At that point, the delegate turns away from discussions of policy and into the wind to launch a political volley: he refers to Common Core as a "federal 'power grab' " and says legislation he is introducing seeks to put a halt to the implementation of the Common Core curriculum.
McDonough is absolutely right in pointing out the problems with Common Core, but his so-called solution will do little more than shore up his constituency and ensure his re-election next year, even as his legislation languishes in the coming General Assembly session.
It is worth pointing out that the most substantial problem with Common Core in Maryland is that the tests being administered are out of synchronization with the teaching timelines in the Common Core curriculum, resulting in students being tested in areas of learning they have not yet been taught. It's a wasteful problem, but hardly a fatal one.
While there's a legitimate argument to be made that legislation sponsored by McDonough starts out with two strikes because he is a Republican in an assembly dominated by Democrats, there's a lot more at play here, and the tale goes back nearly four decades.
Prior to the administration of President Jimmy Carter, there was no U.S. Department of Education. Generally, such a federal agency was opposed by most Republicans and conservative Democrats on the grounds that education had been, since the earliest days of the republic, a state and local responsibility.
The argument was made by Carter and others that the U.S. needed a federal education agency to help coordinate education policy and encourage vigorous teaching of math and science. Keep in mind in those days fear of the U.S., as a country, not a conglomeration of states, falling behind other nations in education was a driving political force, probably even more so than it is today.
Carter's successor, Ronald Reagan, was not a fan of the Department of Education, but made no particular effort to have it folded back into the old Department of Health Education and Welfare. Flash forward through two more presidential administrations to President George W. Bush, who was able to shepherd into law the No Child Left Behind Act of 2001.
Flawed though all legislation is, it did set measurable standards for all states and resulted in some fairly massive changes in educational administration across the country, including in Harford County. Mostly, it was to good effect as it forced the issue on setting and meeting basic standards.
Politically speaking, the act was held in contempt by Democrats even as Republicans pointed out that it made sense for no child to be left behind. Indeed, who could argue with such a noble statement.
Realistically speaking, however, bringing all students to high levels of learning has certain limitations because of the human condition: all may be equal in rights, but equality in ability is not something that can be legislated.

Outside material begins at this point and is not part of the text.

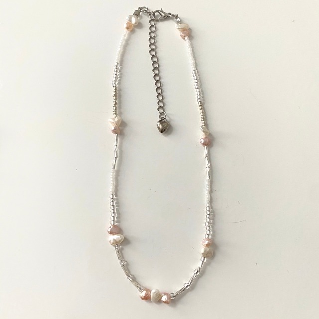 ピンクの淡水パールと ホワイトの淡水パールをアクセントに、 ホワイトとシルバーとクリアカラーの ビーズを組み合わせたネックレスです。 パールの上品さとビーズのカジュアルさの ミックスがとってもおしゃれなアイテム♡ いちごみるくを連想させるカラーが 女の子らしさMAXで 長さが調節できるので重ね付けにも◎ エンドパーツにも、ビンテージハートが付いているので 後ろから見ても可愛いネックレスです おしゃれ上級者さんは、ぜひ後前を逆にして 前にハートがぶら下がるようにつけてみてください♡ セクシーかつラブリーに着こなせます!

As happens when flaws are found in legislation that is accomplishing some, but not all, of what it set out to do, other actions are taken. In the case of Common Core, a national set of modified standards that seeks to clear up flaws in the old program has been devised by the Department of Education. Most of the states have adopted it, but are struggling to get it implemented, resulting in the "building the plane as we fly it" description.
National education policy is probably here to stay, and that's a good thing. How can we maintain ourselves as a nation if people in Maryland learn lessons that are wholly different from what is being taught in Pennsylvania, Texas or Alaska?
There are problems, though, with administering standards that are set nationally, but are funded at the state and local levels. And there are bound to be problems in setting and changing new standards to keep up with newly-acquired knowledge. These problems need to be addressed in a meaningful way, not by concluding that the whole system needs to be scrapped.
If McDonough had beaten the drum more vigorously when the education standards being set in Washington, D.C., were coming out of a Republican administration, possibly his proposals would carry a little more weight. As it stands, however, he would do well to propose meaningful fixes to the real problems with Common Core rather than proposing a "moratorium or temporary termination" of the program.
While the situation exists where Common Core teaching timelines are at odds with the testing regimens in place, it is important to point out that our schools are functioning, our teachers are still teaching, our students are still learning and a public education is still a quality product.